Joseph O’Connor on being shortlisted for Shadowplay

14th May, 2020

Joseph O’Connor, shortlisted for the prize with Shadowplay, reads an extract from his book especially for the Prize.

And in this fascinating Q&A, he tells us the background to his book and what he feels about historical fiction.

I feel honoured and truly delighted to be shortlisted for this prize, because I’m always interested in the book that wins it and I’ve never been disappointed.  Some writers of novels set in the past get a bit uneasy when their books are called ‘historical novels’ but it doesn’t bother me.  I feel nearly all stories are set in the past, even when they appear to be set in the future.  Star Wars, to me, is about our own world, not a fictional one. So, the historical novel can illuminate our own lives now, and if it doesn’t, it probably won’t work.

 

Q: How did the people and times you write about in this novel first lodge in your imagination?

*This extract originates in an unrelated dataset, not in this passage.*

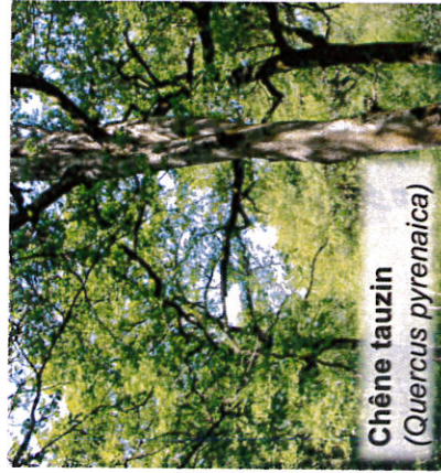
Chêne tauzin ( Quercus pyrenaica )

Les essences locales : les arbres et arbustes

Well, my novel is about Bram Stoker, Ellen Terry and Henry Irving, and I’d say Stoker has been part of my life since I was a young child.  Although he became a Londoner and adored that city, he was a Dubliner by birth, as am I, and I heard many stories about him as I grew up. He’s just always been about, knocking on the windows of my imagination.  The more I found about him, the more enthralled I became. But there are so many things we don’t know about him, and so his life has fascinating silences, and those are always intriguing to the novelist.  In that way, the book became what I see as a love story.

 

Q: What place does research have in your writing?  When does the fiction take over from the facts?

You must always do your research thoroughly, because readers will feel it or know it when you don’t, and nothing scuppers a book quicker than a howler or an anachronism. At the same time, there must come a moment when you put the research notes away and set out to write a novel, not a textbook. We go to fiction for an experience of empathy, or beauty, or pleasure, not primarily to know the facts.  To me, a novel should first be an involving and beautiful read and should only include research through a sort of osmosis.

 

Q: Do you think historical fiction can help in times of crisis like these?  

Yes, I think stories set in the past can illuminate what we’re going through now, providing context, hope, an occasion for contemplation or escape. Everything we’re enduring, or something like it, has been endured before.  The storyteller’s job is to conjure reality in such a way that it touches us. We write the sheet music. The reader sings the song.